Reactions: Like 1 | Agree 2


----------



## Scott C. (Apr 4, 2016)

Haksilence said:


> So why do people do it, and defend doing it?


Because they're available as feeders, and further vary the diet of their pets. They defend doing it because some folks feel the need to tell them they shouldn't for an assortment of bogus and/or self righteous reasons.

Personally, it's rare if at all. Too messy.


----------



## Exoskeleton Invertebrates (Apr 4, 2016)

Chris LXXIX said:


> I wasn't talking about you, Jose, but in general. Those people aren't like you. You know what you are doing, those people not. They just enjoy cruelty, and (combining their voyeuristic feelings with YT) those are a very bad example for other people, including (especially) those in good faith who wants to move their first steps in the hobby.
> 
> Take care Jose, man


 Oh I know you weren't talking about me. I do understand where your coming from since I do know how aggressive the kill can be. My Acanthoscurria sp. "Brocklehursti" went nuts over her mice it was a violent kill, it was the worse I ever seen. The best part about though she is over 7" inches and she consumed everything.

Reactions: Like 1


----------



## Chris LXXIX (Apr 4, 2016)

Another point of view i want to discuss with you people, involving this issue.
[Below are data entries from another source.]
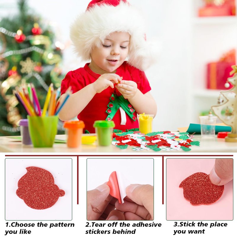 - Self-adhesive - Each foam stickers are self-adhesive, just peel off the protective film on back, then you can stick them anywhere you want. These Christmas craft foam stickers can stick firmly and won't fall off easily. Great for Xmas DIY Stocking craft ornaments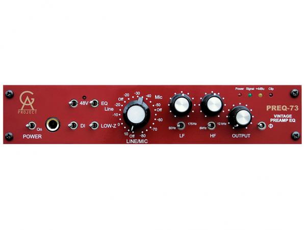PREQ-73 di Golgen Age Project è un preamplificatore ed equalizzatore di alta qualità ad un canale, costruito esclusivamente con componenti discreti come resistenze, condensatori e transistor, e dotato di 3 trasformatori indipendenti per l'ingresso microfonico, ingresso di linea e uscita. Equipaggiato con un circuito molto simile alla sezione di preamplificazione ed equalizzazione del celebre modulo 1073, IL PREQ-73 è in grado di riprodurre le calde sonorità vintage, molto ricercate oggi, che rendono registrazioni di voci e strumenti estremamente piacevoli all'ascolto. PREQ-73 è pensato per qualsiasi sorgente sonora, non importa sia essa un microfono, un sintetizzatore, una chitarra o un basso elettrico. Offre un guadagno massimo di 80dB sull'ingresso microfonico e da -20 a + 10dB sull'ingresso di linea, nonchè di un ingresso ad alta impedenza per strumenti. L'impedenza dell'ingresso microfonico è regolabile a 300 o 1200 Ohm, rendendolo perfettamente abbinabile alla maggior parte dei microfoni. E' inoltre presente un pulsante phantom power 48V, un pulsante EQ on/off, un pulsante per l'inversione di fase e un indicatore di livello a LED. Il controllo del livello di uscita consente una regolazione precisa del guadagno e di caricare lo stadio di amplificazione principale per dare maggior carattere al suono senza provocare distorsioni del segnale.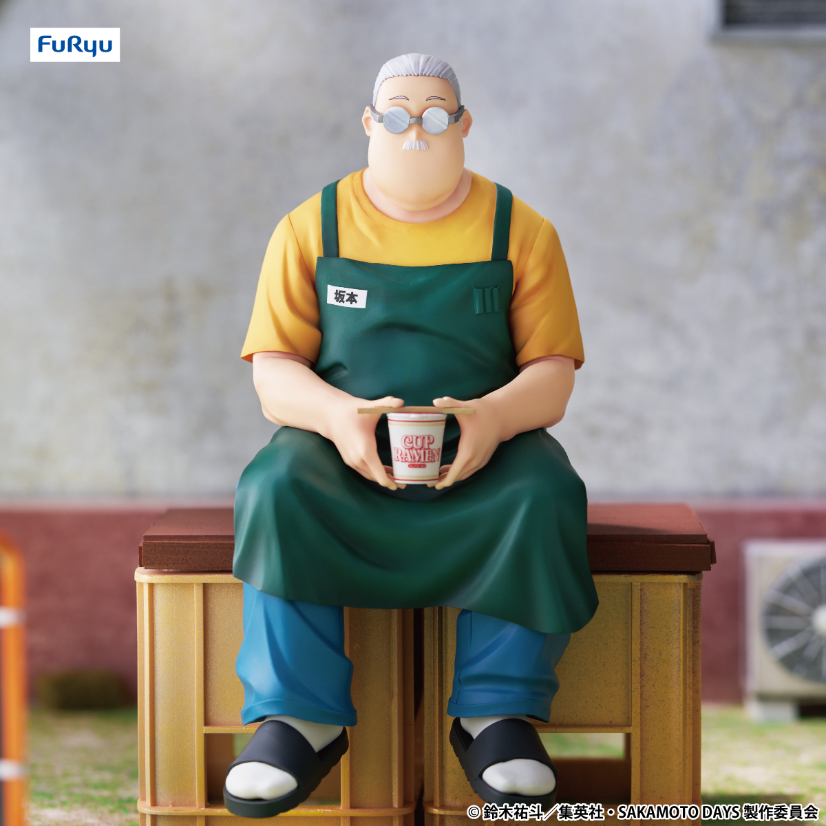 本次 Furyu 將坂本製作為人氣的泡麵蓋模型,呈現出他身著黃色 T 恤與綠色圍裙、手拿日清杯麵的坐姿動態,還原金盆洗手後的圓潤發福身形,雕刻出手臂的肌肉感與坐姿動態下的各種服裝皺摺,不發一語望向前方的樣子看起來毫無破綻,有著最強殺手的守護,各位玩具人一定可以安心地享用泡麵了吧!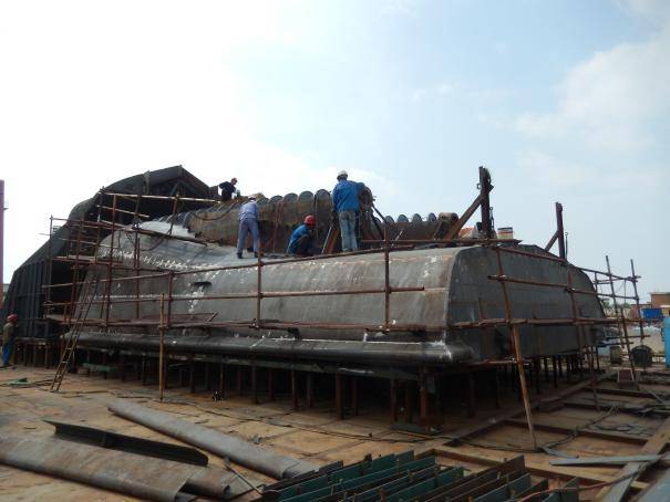 “海岸带综合科考船”建造工作进展2015年5月

So, here a lovely Spring is arrived... there's more or less 64 F outside. I have noticed, among the others, my 0.1 _P.murinus _busy with "Spring" cleaning, she kicked out a molt, bulldozing everything (i expect a molt soon, she's in pre molt).

She looks "happy", meaning... master at her home. *Secure*. Don't consider the premolt status nor the ethic part for a moment; well, the last thing i want is to put a mouse in her enclosure, and put her into a "life or death territory battle" like happens in the wild.

Reactions: Like 3


----------



## louise f (Apr 4, 2016)

Chris LXXIX said:


> Another point of view i want to discuss with you people, involving this issue.
> 
> So, here a lovely Spring is arrived... there's more or less 64 F outside. I have noticed, among the others, my 0.1 _P.murinus _busy with "Spring" cleaning, she kicked out a molt, bulldozing everything (i expect a molt soon, she's in pre molt).
> 
> She looks "happy", meaning... master at her home. *Secure*. Don't consider the premolt status nor the ethic part for a moment; well, the last thing i want is to put a mouse in her enclosure, and put her into a "life or death territory battle" like happens in the wild.



Ohh Christian my friend,have you not heard that the Ts hormons are going crazy at the spring just like us people

haha

Reactions: Funny 2


----------



## Trenor (Apr 4, 2016)

I don't feed any of my Ts mice (they are too small) and I don't really think I will when they are bigger. I prefer the feeding regimen I currently have. 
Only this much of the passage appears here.